The data is very clear in this regard. A recent study by the Foundation for Children Development analyzing student outcomes for low income kids found that children of parents who have not graduated from high school are much less likely to be proficient on reading and math. In Connecticut, only 22% of kids are proficient by 8th grade, and just 14% are in math. This numbers are borne in part from the support that those kids can receive, but poverty also pays a role: 52% of households where the mother did not graduate from high school are poor, and 58% are not securely employed.
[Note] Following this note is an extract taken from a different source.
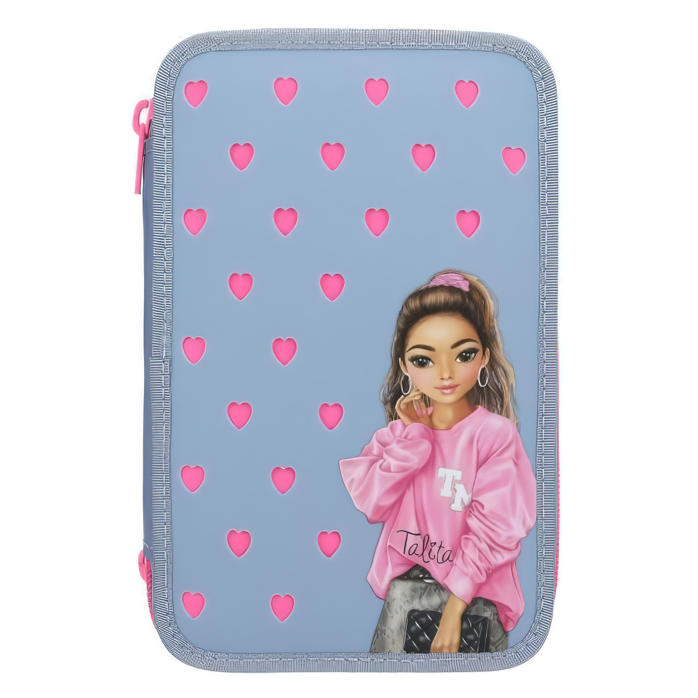 Na naslovnici pernice nalazi se slatki ilustrirani motiv modela, ukrašen ružičastim izrezima u obliku srca, u koje se mogu pričvrstiti originalne pribadače (cvijet, duga i ruka mira su već uključene!). Moderan Depesche TOPModel dizajn pretvara ovu pernicu u pravi modni dodatak, dok izdržljivi materijali garantiraju dugotrajnu kvalitetu. Ova pernica nije samo praktična – ona djeci omogućuje da izraze svoju osobnost i uživaju u svakom školskom danu.

This has prompted many advocates to advocate for a two-generation strategy regarding children´s education. We know that better educated parents can provide a more support to kids in school. We know better educated adults are more likely to have good jobs and provide the stable environments that children need to thrive, specially at a very early age. As a result, programs that focus their work bothon the adults and kids of a household are considerably more effective: they are able to provide better learning experiences for the children, while helping parents to move up to better jobs, empowering them. This report from CLASP provides an excellent overview of this approach.
Again – CAHS has been advocating for this kind of policy solutions as well. We will actually be talking about these programs tomorrow July 15th on WICC600 Bridgeport – tune in!
In a recent article (PDF) Greg J. Duncan, Katherine Magnuson, and Elizabeth Votruba-Drzal examine the effects on poverty on school readiness. They compare how good kindergarten kids are in basic skills like recognizing letters, counting, basic shapes and word sounds, breaking down the results by income. The results are pretty staggering:
Low income and poor kids start kindergarten systematically behind their peer. Less than 20% of poor kids can be considered proficient recognizing letters, compared to more than 70% for middle class families. This is a huge disparity than exist before most children enter the public education system – and it persists, or even widens, over time.
What are the causes of this gap? The authors review the evidence in depth; Brookings has an excellent post today assessing this issue. The main question is, of course how poverty affects this disparity, and what steps can be taken to reverse this gap. Their policy recommendations:
Focus on early childhood poverty: If it turns out that poverty is most devastating in early childhood, then increasing the cash flow to families with very young children is a good investment. In a recent policy brief, for example, we proposed making the Earned Income Tax Credit more generous for children under the age of 5.
Tie cash to behaviors: One way to deliver cash assistance is by using cash payments to reward positive behaviors such as children’s school attendance or preventative health care. New York City’s Family Rewards program, for example, ties cash rewards to several indicators of children’s education, preventative health care, and parental employment.
Don’t cut family income: If higher income expands opportunity, then the reverse is also true. The authors warn that “reductions in the generosity of programs such as the EITC can be expected to reduce children’s success.
That is – addressing poverty is important, but we also need to invest in pre-K education. The legislature just took some bold steps in this direction this year – and we should keep moving towards universal access to pre-K.